▶ _What the task asks_:
Below are lines of data, and only some are wanted. Please repeat exactly those from the line that has "Birourile pliabile, panourile" through the line that has "We will start".

▶ _Records for this exercise_:
________________________________________

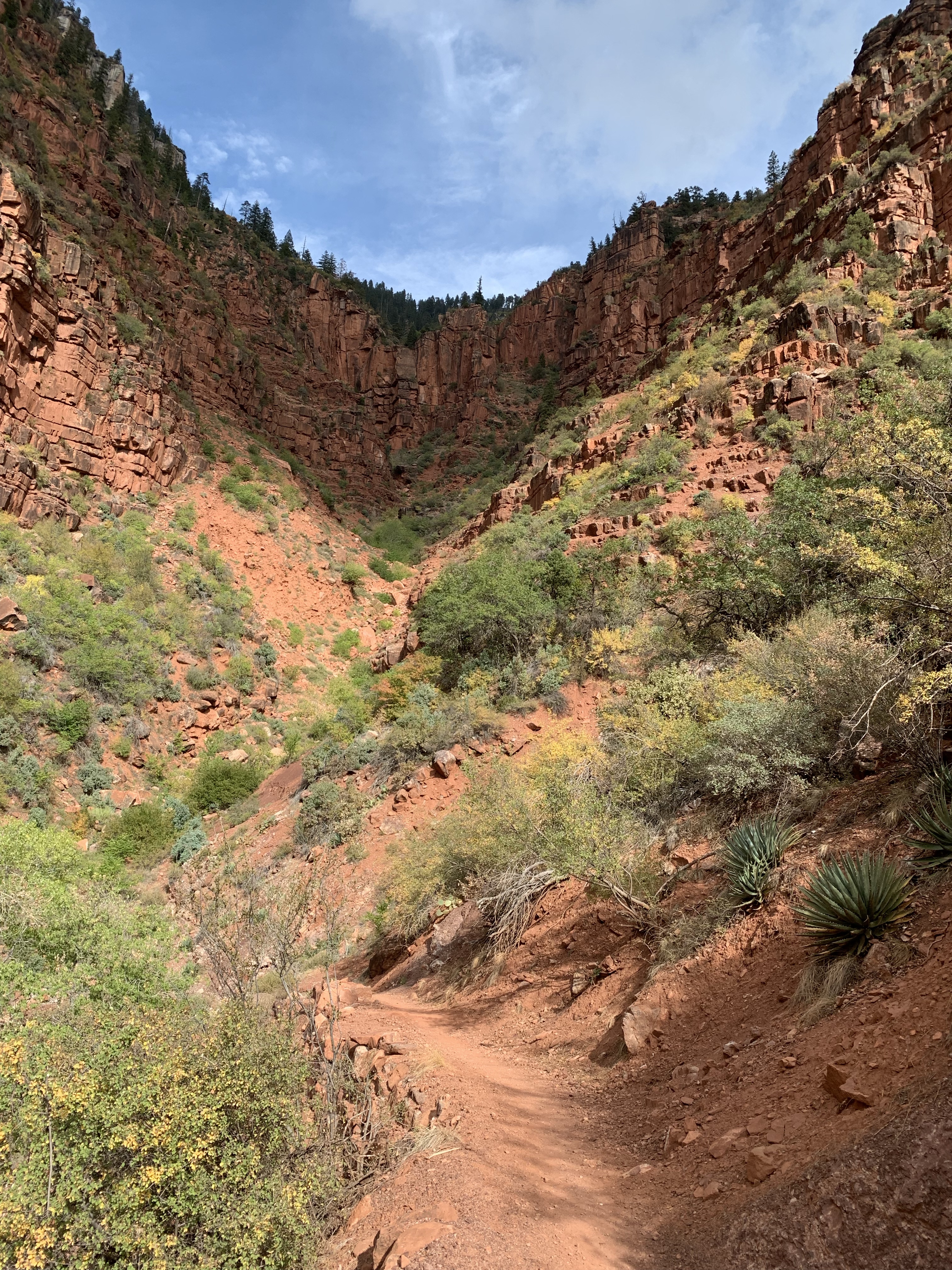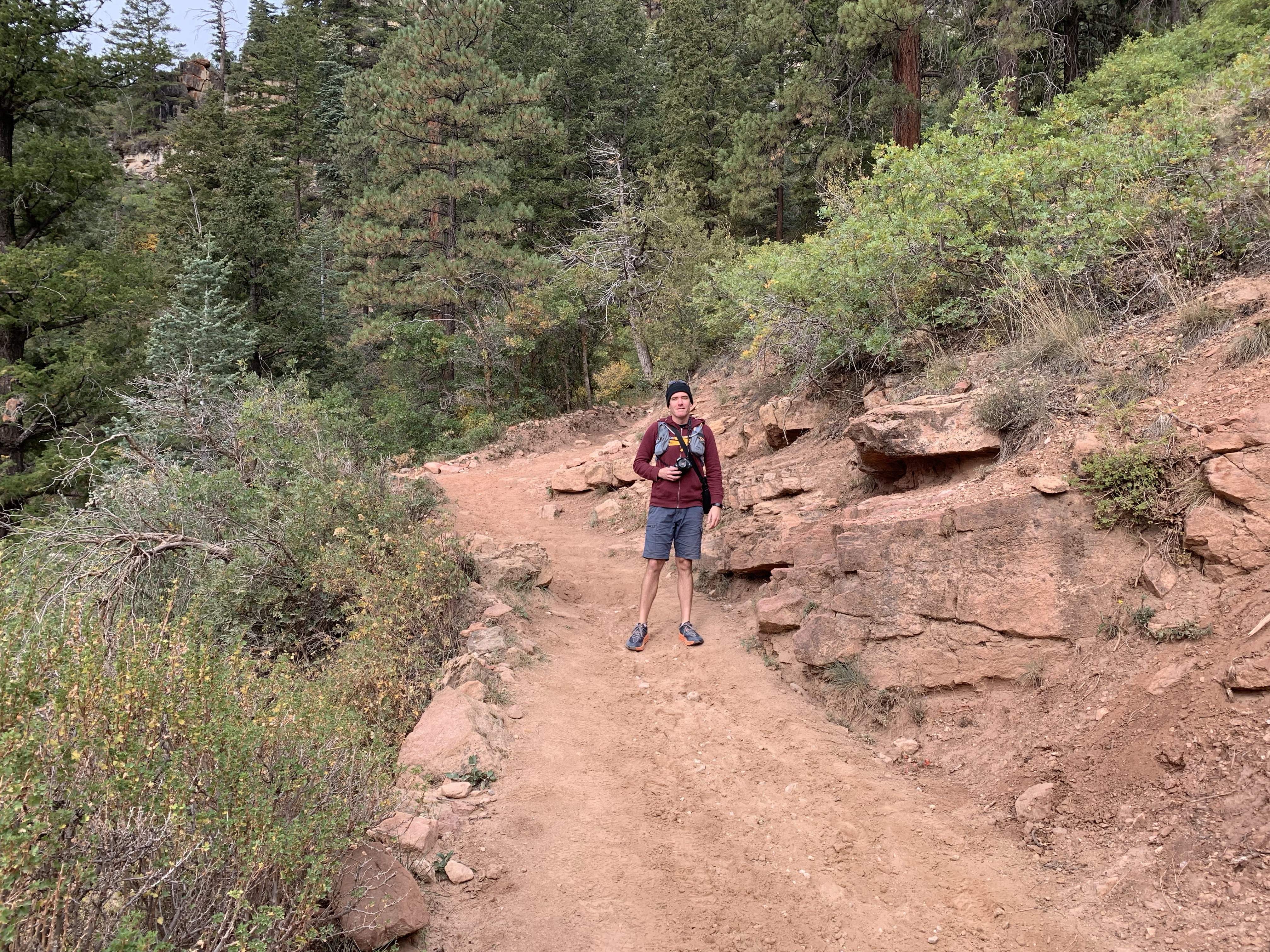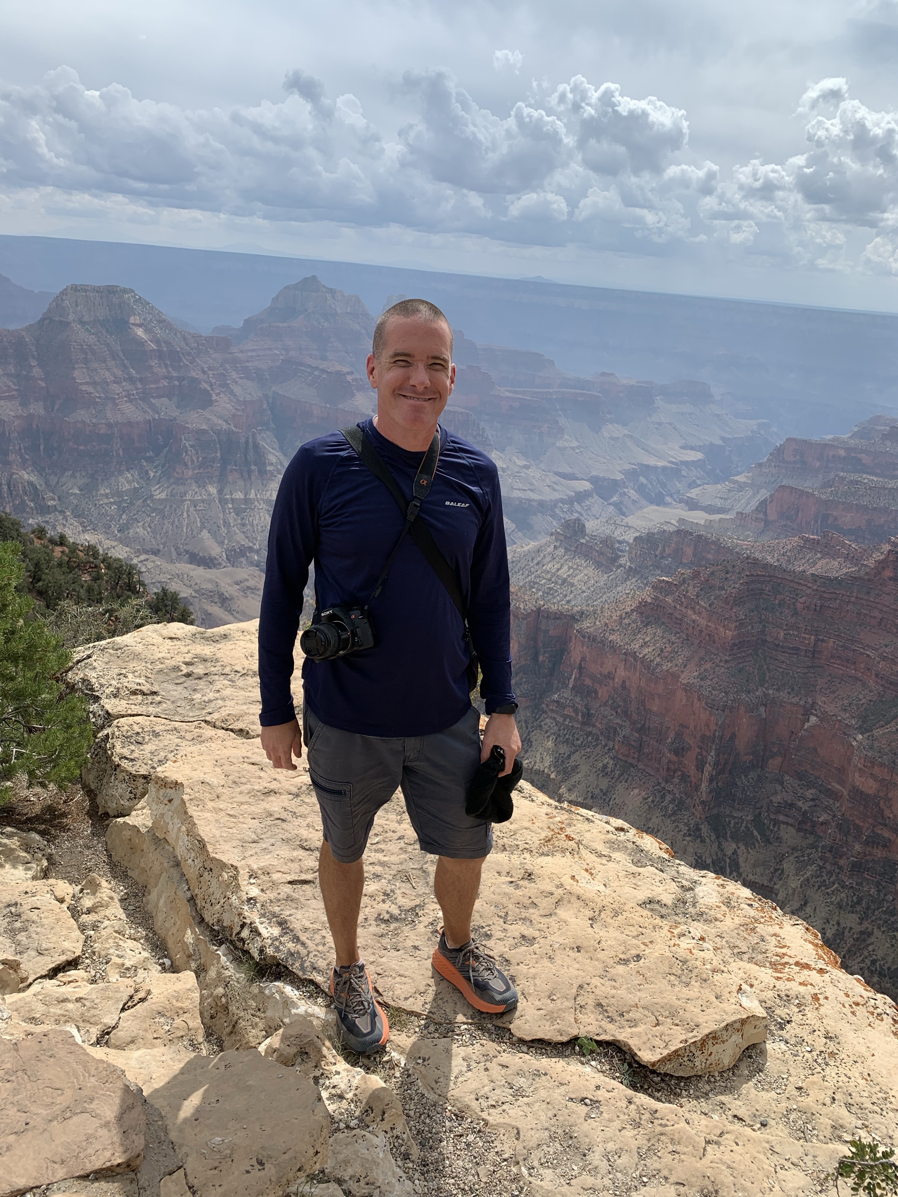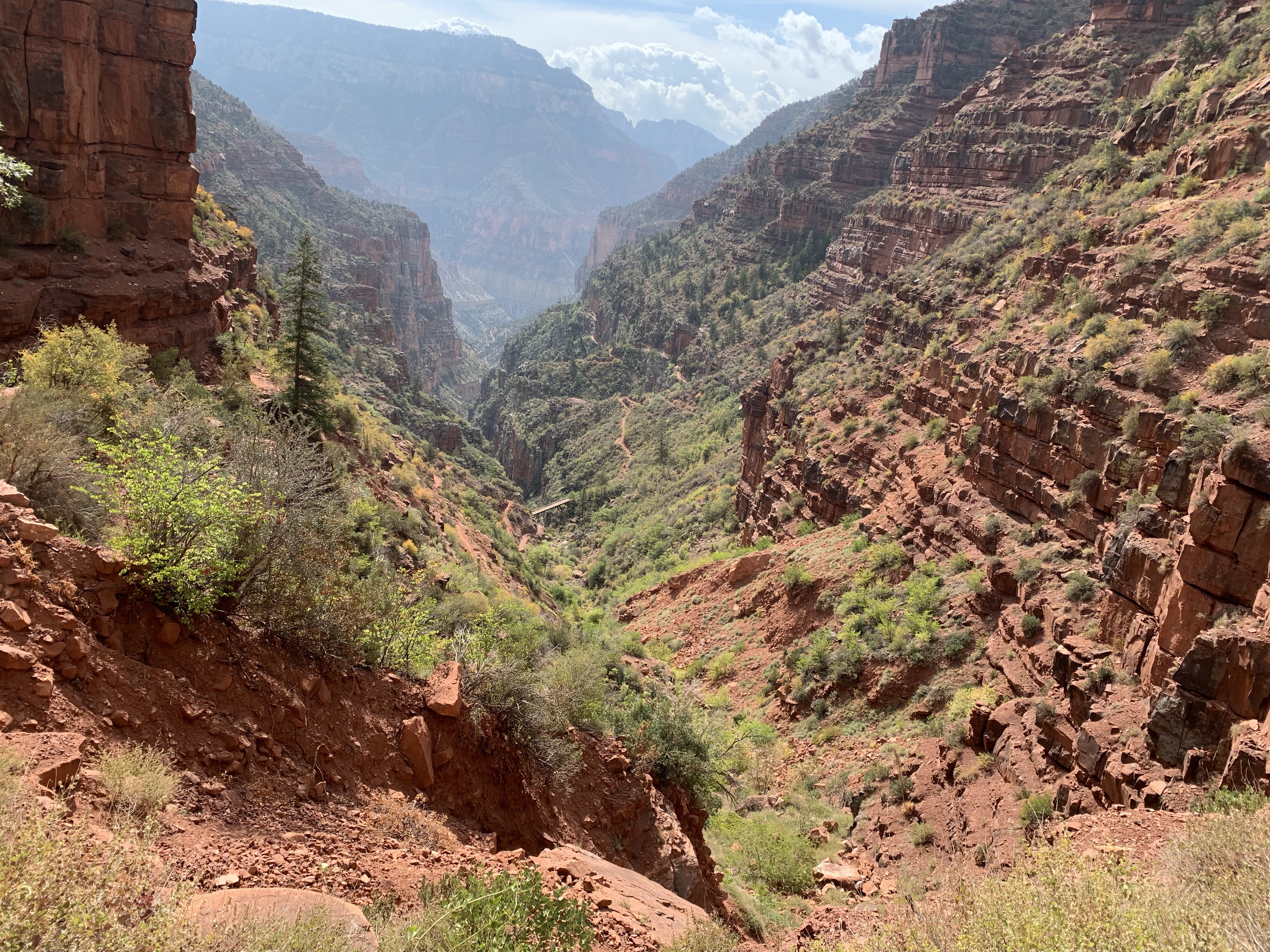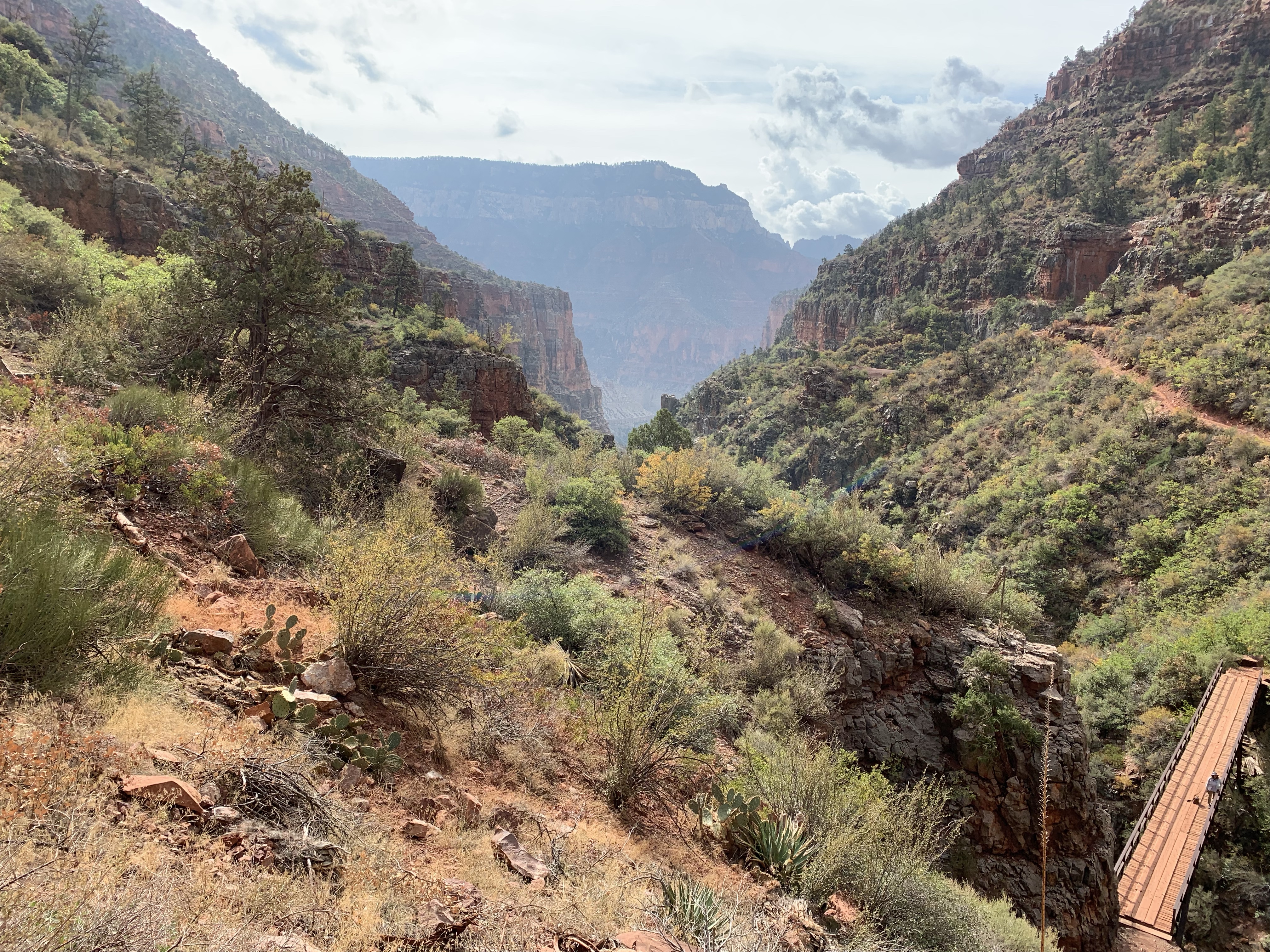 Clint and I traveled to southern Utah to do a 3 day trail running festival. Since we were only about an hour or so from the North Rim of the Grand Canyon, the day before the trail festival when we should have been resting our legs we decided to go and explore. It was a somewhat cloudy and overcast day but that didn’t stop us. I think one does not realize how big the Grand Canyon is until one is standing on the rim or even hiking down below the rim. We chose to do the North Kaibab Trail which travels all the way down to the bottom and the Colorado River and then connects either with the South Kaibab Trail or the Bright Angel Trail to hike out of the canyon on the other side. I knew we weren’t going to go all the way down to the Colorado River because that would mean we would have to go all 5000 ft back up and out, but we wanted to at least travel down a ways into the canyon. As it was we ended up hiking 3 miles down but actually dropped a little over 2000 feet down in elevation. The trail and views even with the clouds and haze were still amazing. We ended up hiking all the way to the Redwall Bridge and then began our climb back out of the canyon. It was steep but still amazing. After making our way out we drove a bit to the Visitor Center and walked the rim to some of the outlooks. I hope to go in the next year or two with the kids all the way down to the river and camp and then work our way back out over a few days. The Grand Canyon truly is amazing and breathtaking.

________________________________________

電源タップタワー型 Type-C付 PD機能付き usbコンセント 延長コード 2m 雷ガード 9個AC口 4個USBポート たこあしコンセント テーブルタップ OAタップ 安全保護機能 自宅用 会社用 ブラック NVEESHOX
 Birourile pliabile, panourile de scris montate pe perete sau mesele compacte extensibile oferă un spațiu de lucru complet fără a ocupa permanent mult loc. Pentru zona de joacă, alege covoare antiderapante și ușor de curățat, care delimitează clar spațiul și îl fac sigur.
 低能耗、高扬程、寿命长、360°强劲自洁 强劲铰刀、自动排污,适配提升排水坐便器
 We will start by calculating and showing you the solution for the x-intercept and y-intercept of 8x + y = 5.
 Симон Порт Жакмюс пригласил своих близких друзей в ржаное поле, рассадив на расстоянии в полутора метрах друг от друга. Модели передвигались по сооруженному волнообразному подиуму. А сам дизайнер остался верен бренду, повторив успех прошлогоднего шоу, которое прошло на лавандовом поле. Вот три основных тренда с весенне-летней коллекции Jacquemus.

________________________________________

▶ _Exercise output_:
 Birourile pliabile, panourile de scris montate pe perete sau mesele compacte extensibile oferă un spațiu de lucru complet fără a ocupa permanent mult loc. Pentru zona de joacă, alege covoare antiderapante și ușor de curățat, care delimitează clar spațiul și îl fac sigur.
 低能耗、高扬程、寿命长、360°强劲自洁 强劲铰刀、自动排污,适配提升排水坐便器
 We will start by calculating and showing you the solution for the x-intercept and y-intercept of 8x + y = 5.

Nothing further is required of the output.